OFAC Settles with Adani Enterprises for $275 Million Over Iranian LPG Sanctions Violations
On May 18, OFAC announced a $275 million settlement with Adani Enterprises Limited (AEL), the India-based flagship of the Adani Group, resolving 32 apparent violations of the Iran Transactions and Sanctions Regulations (ITSR). From November 2023 to June 2025, AEL purchased shipments of liquefied petroleum gas (LPG) from a Dubai-based trader that falsely represented the cargo as originating from Oman and Iraq. OFAC determined the LPG actually originated from Iran. The transactions caused U.S. financial institutions to process 32 U.S. dollar-denominated payments totaling approximately $192 million. OFAC found that multiple red flags should have alerted AEL to the true origin: vessel tracking anomalies, implausible shipping logistics, unusually discounted pricing, and questionable cargo documentation. The action is notable on multiple dimensions: it is one of the largest Iran-related OFAC enforcement actions in recent memory; it was brought against a non-U.S. company whose only U.S. nexus was dollar-denominated payments routed through U.S. correspondent banks; and it reinforces OFAC’s increasingly expansive view that standard certificate-of-origin reliance and SDN screening are insufficient for high-risk commodity trades. Separately, U.S. prosecutors moved to dismiss the criminal bribery case against Gautam Adani during the same period.

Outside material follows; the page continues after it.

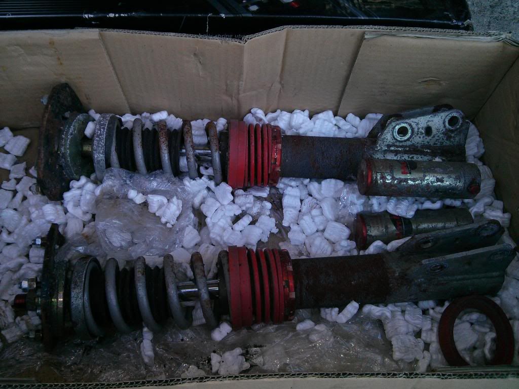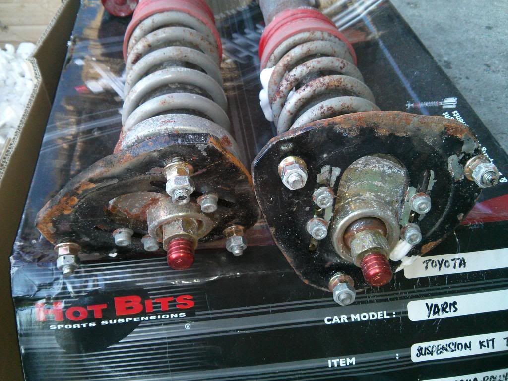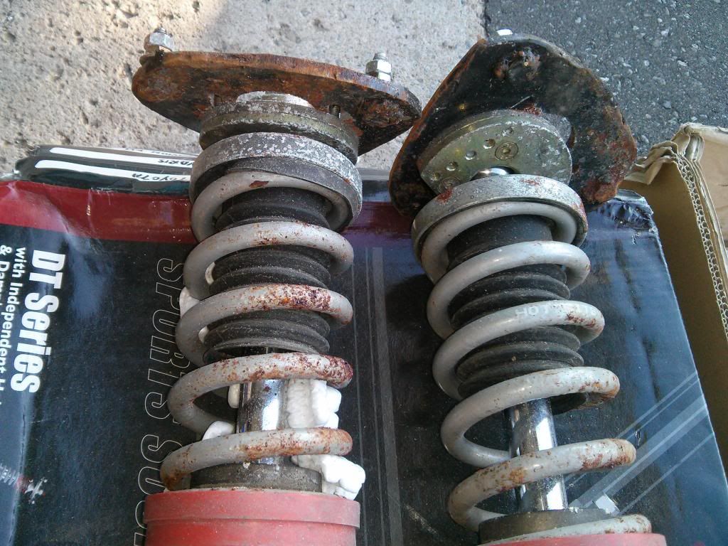 So here's the big partout - pics coming soon: K&N Typhoon short ram intake, off of a coupe, will NOT fit a hatchback. Has a MAF sensor in it (no idea if it's good). Price: $50 NOW $35 NOW $30 ![]() ![]() ![]() ![]() BNIB Replacement friction surface for a Spec flywheel Was told my old parts car had a Spec flywheel, turns out it was only a Spec clutch. The flywheel was actually an Unorthodox Racing unit. Price: $50 (paid almost $100 for this) NOW $40 ![]() Unorthodox Racing (UR) lightweight aluminum flywheel Minor nicks in the center area where one of the clutch's spring tabs broke off and rattled around, all surface imperfections, the friction surface is still fine. Price: $50 SOLD Pic 1 Pic 2 Pic 3 A PAIR of BNIB Timken rear wheel bearings with ABS sensors The BEST wheel bearings you can get for an Echo. Will also work on non-ABS Echo's. Price: $180 (Paid over $125 a piece for these from rockauto.com, plus shipping!) NOW $140 SOLD Pic 1 Pic 2 Non-stock front sway bar off of a coupe Comes with the poly bushings pictured Price: $40 NOW $30 ![]() Sustec rear underbody frame brace Great shape, very little use, ncie and light Price: $50 SOLD Pic 1 Pic 2 GT Spec front underbody frame brace Obviously a little rough from the previous owners use, still straight as a ruler Price: $50 SOLD Pic 1 Pic 2 Pic 3 Pic 4 Front control arms with new Moog problem solver ball joints, new Energy suspension front bushings and new Whiteline CASTER CORRECTING rear bushings The best thing you can do to improve suspension & steering geometry and improve steering response Price: $200 NOW $170 Hot Bits Adjustable Coilovers Fronts have pillowball camber adjustable upper mounts All need a rebuild - the quote from Peter at Hot Bits Canada in Brampton, Ontario was $400 to $700, depending on if new rods are needed. He is a 10 minute drive away from me and I can help facilitate the rebuild if you'd like. This is the BEST upgrade you can make to your Echo's suspension, and with Peter matching the struts to the springs included or the ones you want to use, will be better handing than any other coilovers out there for around $1000 all in! Price: $500 NOW $450 NOW $400 ![]() ![]() ![]() ![]() ![]()

On April 30, 2026 (published May 19), OFSI imposed a £165,000 monetary penalty on Deutsche Bank AG London Branch for two payments totaling £635,618.75 made in June and July 2022 to Okko LLC, a Russian streaming platform wholly owned by JSC New Opportunities, a UK-designated person. This case arose from the same Okko-JSC New Opportunities ownership chain at issue in the March 2026 OFSI settlement with Apple’s Irish subsidiary. The Deutsche Bank case turns on an ownership screening gap rather than deliberate evasion: the bank’s third-party screening vendor had incorporated JSC New Opportunities on its lists but lacked ownership data linking it to Okko at the time of the transactions, and Deutsche Bank’s own review did not catch the nexus—even though open-source reporting of the ownership transfer had appeared in May 2022. OFSI assessed the breach as “serious,” set a baseline penalty of £300,000, and applied a 45% discount for voluntary disclosure and settlement—the second case resolved under the settlement scheme introduced in February 2026. OFSI’s published compliance lessons highlight three points for the financial sector: screening vendors’ ownership data limitations must be understood and supplemented with independent controls; ownership and control screening must be applied, not just SDN name-matching; and prompt, complete voluntary disclosure maximizes penalty discount. Both the Apple and Deutsche Bank cases involved Okko, signaling that OFSI may be actively reviewing institutions that processed Okko-related payments across 2022.
Belarusian Admits Role in Illegal Aviation Exports to Russia
A Belarusian citizen pleaded guilty in a U.S. federal court to illegally exporting U.S.-sourced aircraft components to Russia in violation of the Export Control Reform Act. Yana Leonova admitted that she and her co-conspirators procured avionics and aircraft equipment from U.S. distributors after Russia’s 2022 invasion of Ukraine, then routed the items through Armenia and other countries using false documents and shell companies to conceal their destination. Authorities said the components were intended for aircraft operated or maintained by a Russian company on the U.S. Department of Commerce’s restricted Entity List. Extradited from France in November, Leonova is scheduled for sentencing in August.